A cron can trigger anything. A daily job could read the queue, call the language model, and post the result to LinkedIn. Zero friction, zero delay, zero human latency between generate and publish.
We chose not to build that.
Instead, every draft the marketing agent writes lands in Telegram as an inert message with two inline-keyboard buttons: ✅ Publish and ❌ Reject. Only Alaa's tap sends the final POST to the platform API. If she's offline, nothing ships.
This is not a beta guardrail we'll remove later. It's a permanent architectural choice, and the reason is simple: you can't recall tone.
Last week the agent drafted a LinkedIn post celebrating a Ghalia milestone. The facts were correct—booking link, client count, testimonial. But the phrasing felt slightly off for that day's context: a client had privately shared tough family news, and while unrelated to the post topic, the timing would have felt insensitive.

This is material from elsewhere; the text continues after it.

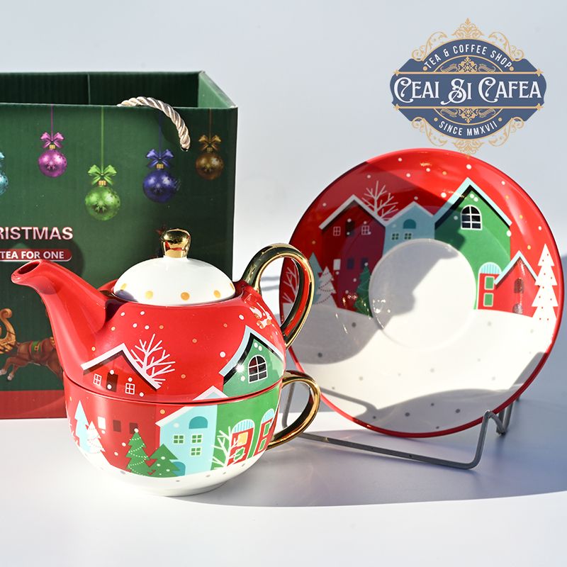 Tea For One, ceainic cu cesca din portelan pictat cu tema Happy Christams si decorat cu elemente aurii. Volumul ceainicului este de 380ml. Ambalat in cutie de carton cu print de Craciun, si protectie din burete.
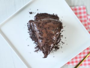 -Pour prepared chocolate ganache & dark chocolate on the slice.

A cron would have published at 09:00 UTC. The inline keyboard let Alaa delay until the afternoon, reframe one line, and ship when it made sense.
The model generates. The human decides. We hard-code that boundary into the tool set itself—no `publish_now()` function exists in the agent's schema. The only write operation is `submit_draft`, which resolves to a Telegram message.
This means slower publishing. It also means we've never had to issue a retraction.